Phänomene wie die sich zuspitzende Polarisierung der Gesellschaft, eine zunehmende Demokratieskepsis und die Zunahme sogenannter Hatespeech, aber auch der nicht mehr zu übersehende Klimawandel mit seinen schweren Folgen für Ökologie und Menschheit erfordern ein entschiedenes Umdenken - in der Gesellschaft und auch in der Schule. Vor diesem Hintergrund zeichnet das Kultusministerium 2022 erstmals Schulen und Lernorte aus, die ihre Schulkultur und Schulentwicklung bzw. ihre Bildungsangebote konsequent im Sinne eines „Modellorts der Demokratie“ gestalten und damit an Zielen der Demokratiebildung und Bildung für nachhaltige Entwicklung ausrichten. Die Auszeichnung ist Teil des bildungspolitischen Schwerpunkts „Demokratisch gestalten – Eine Initiative für Schulen in Niedersachsen“.

„Wir nehmen die Herausforderungen, mit denen sich unsere demokratische Gesellschaft und damit auch unsere Schulen konfrontiert sehen, sehr ernst. Unser erklärtes Ziel ist es, Schülerinnen und Schüler darauf vorzubereiten, sich als mündige Bürgerinnen und Bürger aktiv kritisch und selbstreflektiert in demokratische Prozesse einzubringen. Deshalb stärken wir die politische und nachhaltige Bildung an Schulen“, kommentiert Kultusminister Grant Hendrik Tonne die Auszeichnung der 25 Demokratieschulen und Lernorte der Demokratiebildung. Minister Tonne weiter: „Wir erkennen hoch an, dass viele Schulen sich auf den Weg gemacht haben, um eine demokratische und nachhaltige Schulkultur und Unterrichtsentwicklung zu etablieren. Und wir unterstützen es ausdrücklich, dass es bereits viele zivilgesellschaftliche Partnerinnen und Partner gibt, die die Schulen dabei tatkräftig unterstützen.“

Aus 39 eingegangenen Bewerbungen hatte zuvor eine Fachjury unter der Leitung des Ministers 15 Schulen und 10 Lernorte für die Auszeichnung ausgewählt. Sie soll das Engagement der Schule bzw. des Lernortes sichtbar machen und sie miteinander vernetzen.  Jede ausgezeichnete Schule und jeder ausgezeichnete Lernort erhält als sichtbare Würdigung ein repräsentatives Schild, einen Geldpreis in Höhe von 500 Euro und einen 'Materialrucksack' für Demokratiebildung. Zugleich soll die Auszeichnung die Vernetzung mit anderen Akteuren - Lernorten und Schulen - unterstützen.

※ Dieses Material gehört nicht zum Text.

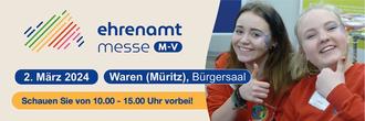 Am 2. März 2024 von 10:00 Uhr bis 15:00 Uhr öffnet unsere 17. EhrenamtMesse im Bürgersaal Waren (Müritz) ihre Türen. 48 Vereine, Verbände, Institutionen und Initiativen präsentieren sich und ihr freiwilliges Engagement der Öffentlichkeit. Frauke Hilgemann, Abteilungsleiterin Soziales und Integration im Ministerium für Soziales, Gesundheit und Sport eröffnet die EhrenamtMesse nach dem musikalischen Auftakt der Malchower Spielleute e.V..
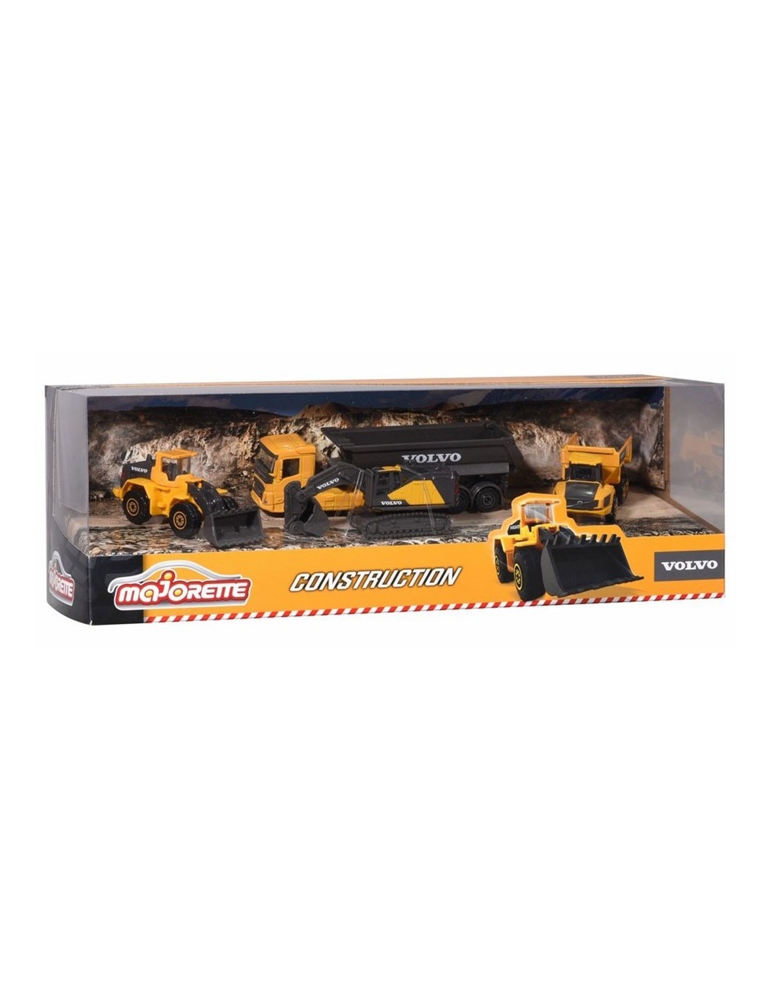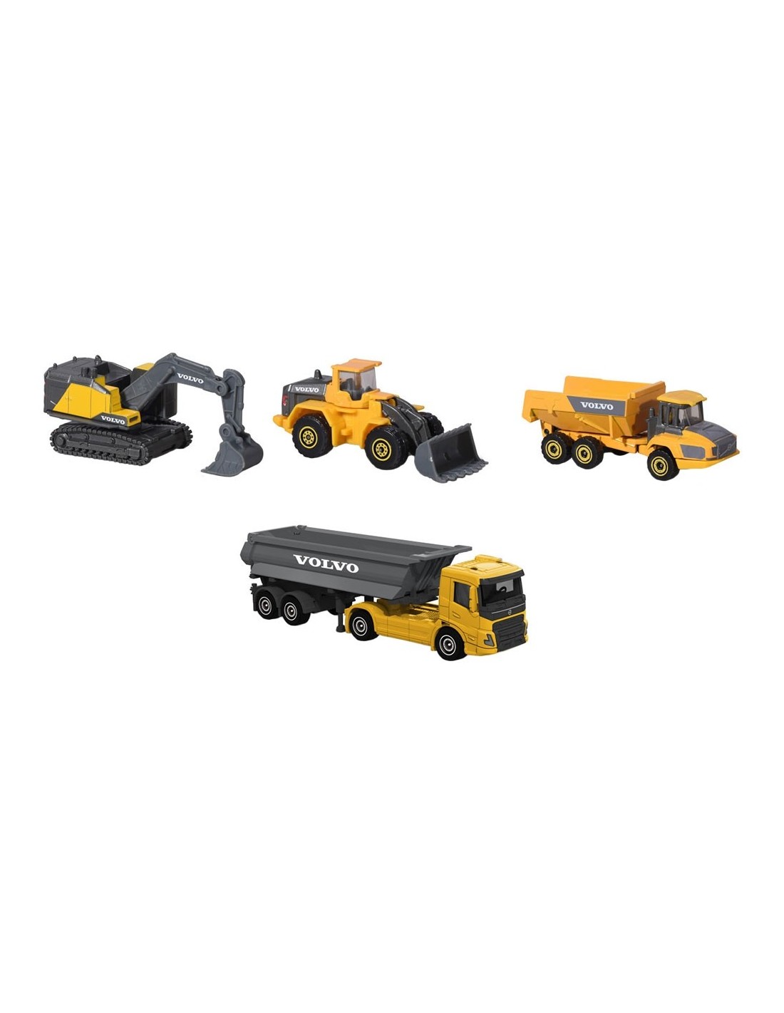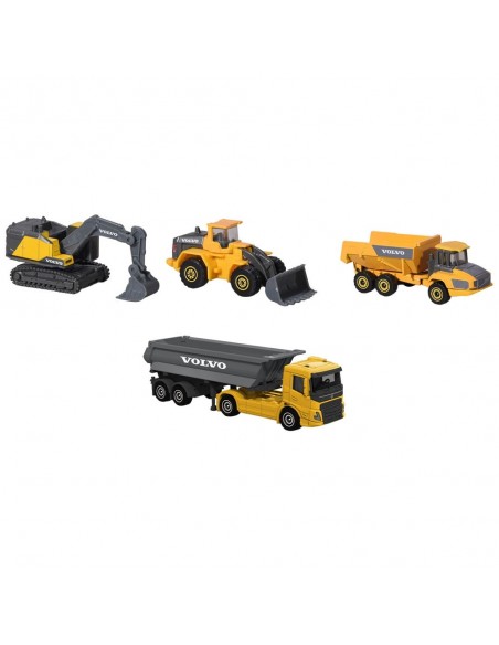 Set Majorette Volvo camion cu remorca, camion basculant, buldozer si excavator
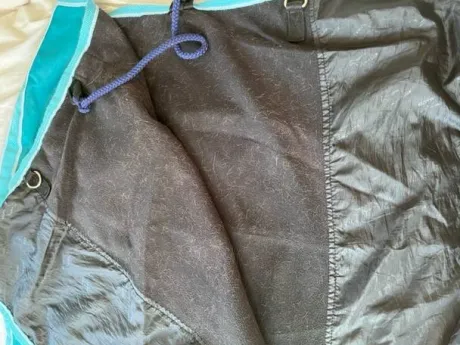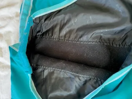 En synthétique bleu turquoise, doublée polaire noire.
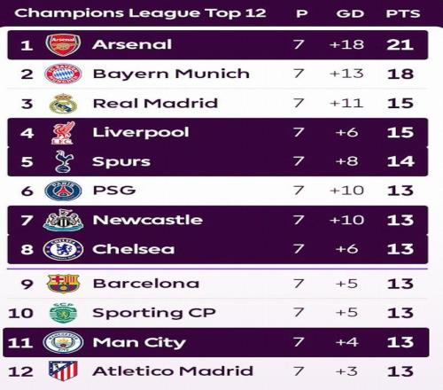 聯賽階段7輪過後,英超5支球隊排名前八,展現出了強勢的狀態。能否創造6支球隊晉級前八的奇跡,需要看曼城能否一鼓作氣,在淨勝球上超越巴薩和葡體,同時紐卡需要擊敗巴黎,切爾西、熱刺、利物浦也都擊敗各自對手。

Zur Anzahl und Qualität der Bewerbungen – trotz der coronabedingten Situation – sagt Tonne: „Ich bin beeindruckt davon, wie junge Menschen in Schule und in Lernorten Verantwortung für sich und andere übernehmen und sich für eine gerechte, solidarische Gesellschaft sowie eine bessere Welt engagieren.“

Die ausgezeichneten Demokratieschulen

Der Geist der Demokratie kann nicht von außen aufgepfropft werden. Er muss von innen herauskommen.  (Mahatma Gandhi)

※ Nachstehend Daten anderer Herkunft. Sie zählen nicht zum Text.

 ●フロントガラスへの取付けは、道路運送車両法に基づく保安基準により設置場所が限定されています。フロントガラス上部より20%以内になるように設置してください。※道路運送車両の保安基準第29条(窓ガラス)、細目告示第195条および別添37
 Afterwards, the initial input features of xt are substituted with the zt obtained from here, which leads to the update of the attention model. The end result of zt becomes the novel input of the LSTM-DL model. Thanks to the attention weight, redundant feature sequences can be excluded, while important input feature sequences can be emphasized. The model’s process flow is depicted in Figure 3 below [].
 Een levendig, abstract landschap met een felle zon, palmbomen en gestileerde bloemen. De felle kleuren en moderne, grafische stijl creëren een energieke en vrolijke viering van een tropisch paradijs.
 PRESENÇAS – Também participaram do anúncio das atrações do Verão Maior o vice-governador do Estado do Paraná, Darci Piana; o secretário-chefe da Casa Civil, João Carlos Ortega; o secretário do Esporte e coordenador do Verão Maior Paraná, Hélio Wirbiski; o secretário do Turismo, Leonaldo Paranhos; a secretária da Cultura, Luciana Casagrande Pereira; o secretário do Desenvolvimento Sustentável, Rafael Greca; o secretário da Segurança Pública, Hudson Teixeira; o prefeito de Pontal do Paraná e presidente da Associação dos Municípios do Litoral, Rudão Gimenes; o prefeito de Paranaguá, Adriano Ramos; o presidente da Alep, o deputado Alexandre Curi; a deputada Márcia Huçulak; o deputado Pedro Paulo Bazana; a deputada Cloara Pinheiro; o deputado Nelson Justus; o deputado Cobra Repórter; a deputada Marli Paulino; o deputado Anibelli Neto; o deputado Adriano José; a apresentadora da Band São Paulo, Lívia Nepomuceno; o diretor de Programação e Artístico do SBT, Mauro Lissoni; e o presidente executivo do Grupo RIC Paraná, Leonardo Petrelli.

Die Grundschule auf dem Süsteresch handelt im Sinne dieses Zitats, indem sie auf allen Ebenen des Schulalltages und von Beginn an, SchülerInnen in Entscheidungen mit einbezieht (klasseninterne Lernabsprachen, Pausenreglungen, Klassenfeste etc.). Dazu werden innerhalb der Lerngruppen unterschiedlichste Formen der Partizipation eingeübt, trainiert und gemeinsam entwickelt. Im lerngruppenübergreifenden Konzept des Schülerparlaments wenden unsere SchülerInnen die erlernten basisdemokratischen Fähigkeiten an und fordern diese auch ein, um Entscheidungen im Sinne Ihrer Mitschüler zu treffen. Das Schülerparlament bietet an der Grundschule auf dem Süsteresch einen Lernort nachhaltiger Demokratiebildung und einer demokratiebasierten Schulkultur.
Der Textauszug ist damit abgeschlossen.